Nachdem ich 1983 und 2009 fast an Zeckenbissen gestorben wäre, möchte ich betonen dass ich das für einen SEHR SEHR GUTEN BEITRAG halte..!!


----------



## rhinefisher (15. Juni 2019)

hans21 schrieb:


> Heute morgen war es soweit. Meine erste Zecke, soviel ich weiß.
> Anhang anzeigen 325927
> 
> 
> ...



Daraus wird hoffentlich ein sofortiger Arztbesuch..!


----------



## hans21 (15. Juni 2019)

kwt


----------



## Sensitivfischer (15. Juni 2019)

hans21 schrieb:


> Hab ich bisher nicht vor. Ich hab bei jedem Mückenstich solche Reaktionen. Da mache ich mir nichts draus. Sollten sich grippeähnliche Symptome oder eine Wanderröte einstellen, gehe ich selbstverständlich zum Arzt. FSME ist hier selten und kann sowieso höchstens symptomatisch behandelt werden, eine event. Borreliose kann man, sollte es Anzeichen geben, auch noch gut nächste Woche behandeln. Das war zwar meine persönlich erste Zecke, mein Jungs hatten allerdings schon dutzende....

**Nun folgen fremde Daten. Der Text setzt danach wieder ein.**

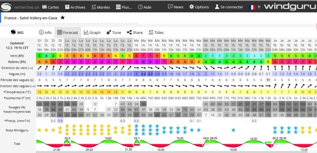 Si le soleil est une des composantes pour la prévision d’une sortie en mer, la force du vent et l’état de la mer en sont des composantes essentielles. La hauteur de marée sera à vérifier auparavant, pour ceux, qui comme dans le port de ST VALERY EN CAUX (Seine-Maritime) en sont tributaires.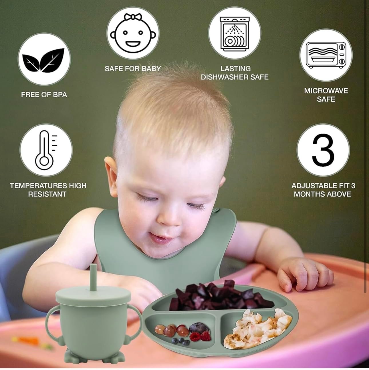 • Easy To Use & Clean –The feeding set features an ergonomic design, making it easy for your little one to hold and use independently, promoting self-feeding skills. Cleaning up after meals is a breeze with our Silicone Baby Feeding Set. It is dishwasher safe, saving you time and effort.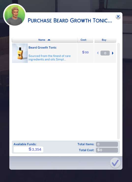 If a sim can’t wait for their beard to grow in, they can order Beard Growth Tonic found on the computer under “Order…”. Be cautious as sim pharmaceuticals has not properly tested the tonic and it may cause side effects if not consumed properly…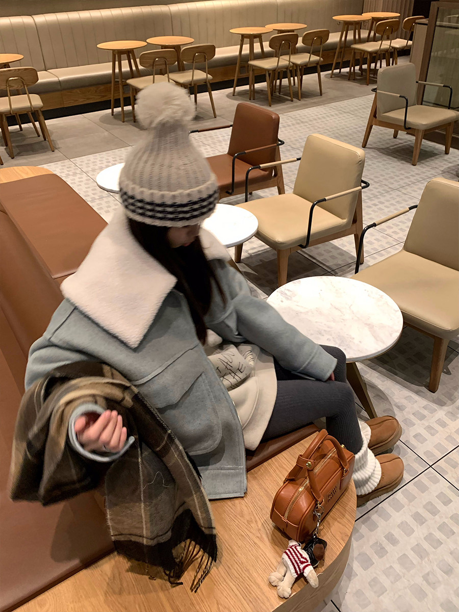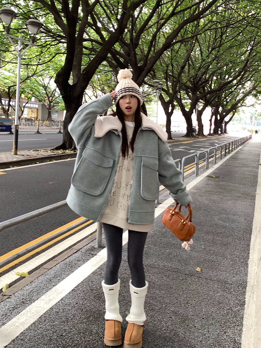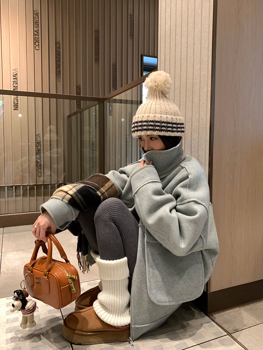 荒荒家宽松翻领呢子棉服秋冬新款休闲保暖拉链大口袋毛领棉衣外套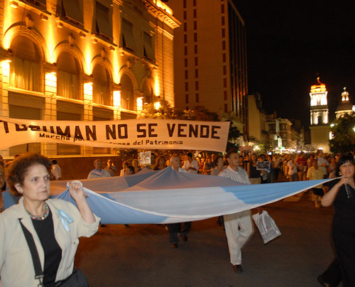 Respecto del mandatario, aclararon que sólo se modificó la Ley 7.990, pero que no fue derogada, como planteó inicialmente Alperovich. En cuanto a Guzman, recordaron que durante el Congreso Argentino de Cultura, realizado en Mar del Plata, firmó un documento para estimular el arte en todas sus formas y proteger el patrimonio tangible e intangible. "Pero ha intentado convencer a la Comisión Provincial de Patrimonio de aceptar la venta de edificios patrimoniales", señala el documento leído durante la marcha.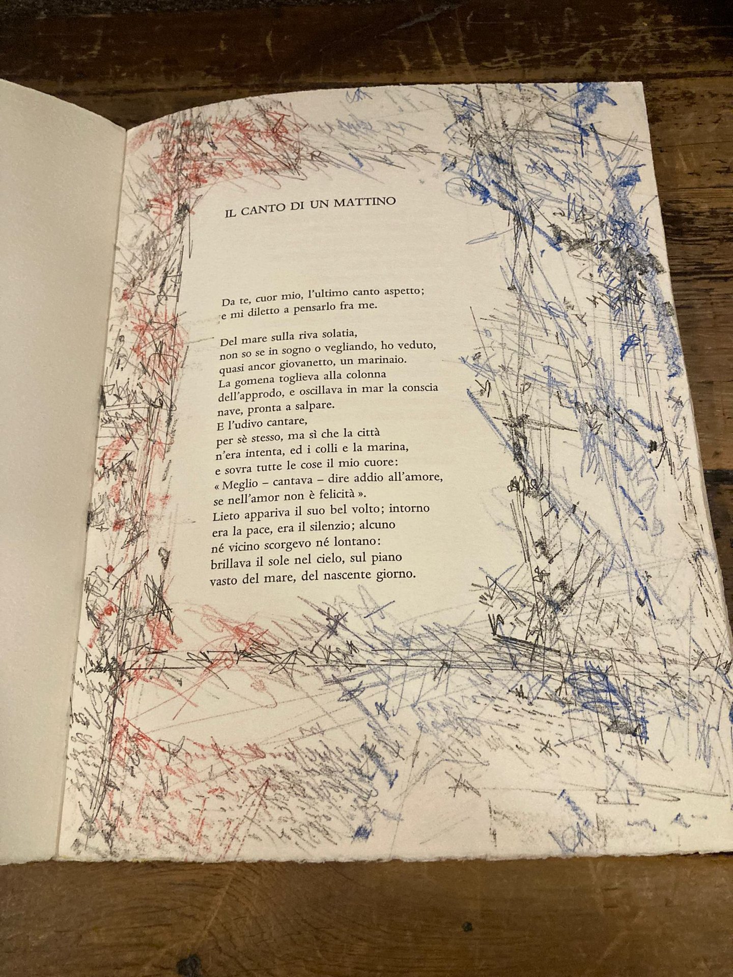 In-4° (34x26 cm), cartonatura floscia editoriale figurata a risvolti con titoli al piatto anteriore, camicia in cartoncino azzurro a risvolti, astuccio in cartoncino muto azzurro. Pp. 54 stampate su carte interamente cromolitografate o incise. Dorso della camicia e astuccio in prossimità del primo scoloriti da esposizione solare. Più che buon esemplare in barbe (uno dei 100 stampati ad personam e non numerati, su un totale di 130). Riedizione di squisita fattura tipografica e iconografica del volume uscito originariamente nel 1923 per le Edizioni di Primo Tempo. A cura dei Cento amici del libro. Nota di Vanni Scheiwiller.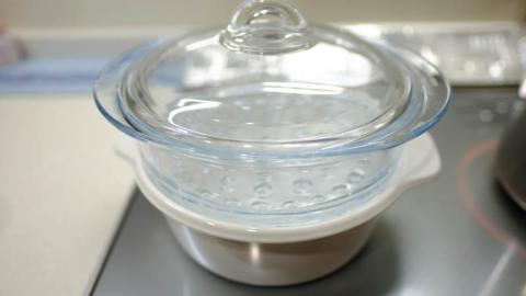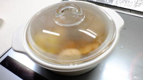 ・調理中 スチーマー付き両手鍋は中身が見えるのが便利。スチーマー付き両手鍋は上下2段使える・・・下で湯気が発生するものであれば何でも上で蒸せるので便利。蒸籠蒸しは竹籠のエキスが落ちるのでお湯は色と臭いが着いてしまい、そのまま使用ができません。(最近は落ち着いてきましたが、うっすらと臭いと色が鍋の湯に移るので蒸すことだけしかできないのが不便。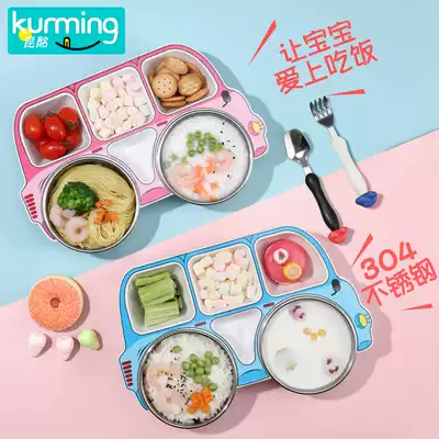 Children's dinner plate stainless steel baby eating bowl chopsticks cartoon anti-fall household spoon suction cup split baby tableware set

Du verkennst die Situation, Symptome können bis zu ein Jahrzehnt später kommen, das hast du deinen Zeckenbiss von heute schon lange vergessen. Zeitnah zum Zeckenbiss gibt es selten Symptome, allenfalls die schon angesprochene Wanderröte. Normalerweise solltest du mit dem Tierchen im Gepäck spätestens Montag zum Doc.



hans21 schrieb:


> Beim ersten mal waren wir auch beim Arzt. Der hat es mir recht gut erklärt. Don't panic.


Schön das der Arzt dir das erklärt hat. Was die leider selten erklären oder zugeben ist, dass sie selbst wenig bis keine Ahnung haben, wovon sie reden. Ich wäre da nicht so vertrauensselig.
Wenn es um Zecken geht oder den Umgang mit Antibiotika haben die meisten deutschen Ärzte erschreckend wenig Ahnung. Bei letzterem, kennt sich gar nahezu jeder Pharmareferent besser aus.


----------



## hans21 (15. Juni 2019)

kwt


----------



## Sensitivfischer (15. Juni 2019)

hans21 schrieb:


> ...Von der prophylaktischen Einnahme von Antibiotika nach Zeckenbiss wird abgeraten. Zitat: "Eine generelle Antibiotikatherapie nach einem Zeckenstich wird nicht empfohlen, sie ist erst bei einem begründeten Borrelioseverdacht (Wanderröte und/oder neurologische Symptome oder massive Gelenkschwellung) angezeigt."...


Du hast mich(glaube ich) missverstanden. Ich sprach davon, dass Ärzte in Bezug auf die beiden Themen Zecken und Antibiotika häufig keine Ahnung haben. Das sind zunächst zwei getrennte paar Stiefel!
Das war von mir nicht so gemeint, dass bei einem Zeckenbiss prophylaktisch eine Therapie mit Antibiotika zu erfolgen hat. Das war wirklich völlig unabhängig vom Thema Zecke in den Raum geworfen und ich meinte damit das generell leidliche Thema Antibiotikahandling bei z.B. grippalen Infekten( falsche Wirkstoffwahl, zu kleine Verpackungsgrößen verschreiben, die eine Medikation über die letzten Symptome heraus gar nicht erst möglich machen, zu geringe Dosierung, damit der Erreger auch gut Resistenzen bilden kann und zu guter letzt verschreiben, obwohl es der Patient nicht gebraucht hätte)!



hans21 schrieb:


> ....Es wird viel zu viel Antibiotika verschrieben. Das Pharmareferenten das anders sehen liegt vielleicht auch in der Natur der Sache . Und ja, ich geben dir Recht, viele Ärzte haben erschreckend wenig Ahnung von bestimmten Themen. Ich bin mir gerade etwas unsicher, wie viel Ahnung Angel-Forum-Mitglieder von Antibiotika Therapien i.A. und Borreliose im Besonderen haben.
> 
> Da du Ärzten anscheinend nicht über den Weg traust, die Infos stehen genauso auch beim Robert Koch Institut. Oder haben die auch keine Ahnung?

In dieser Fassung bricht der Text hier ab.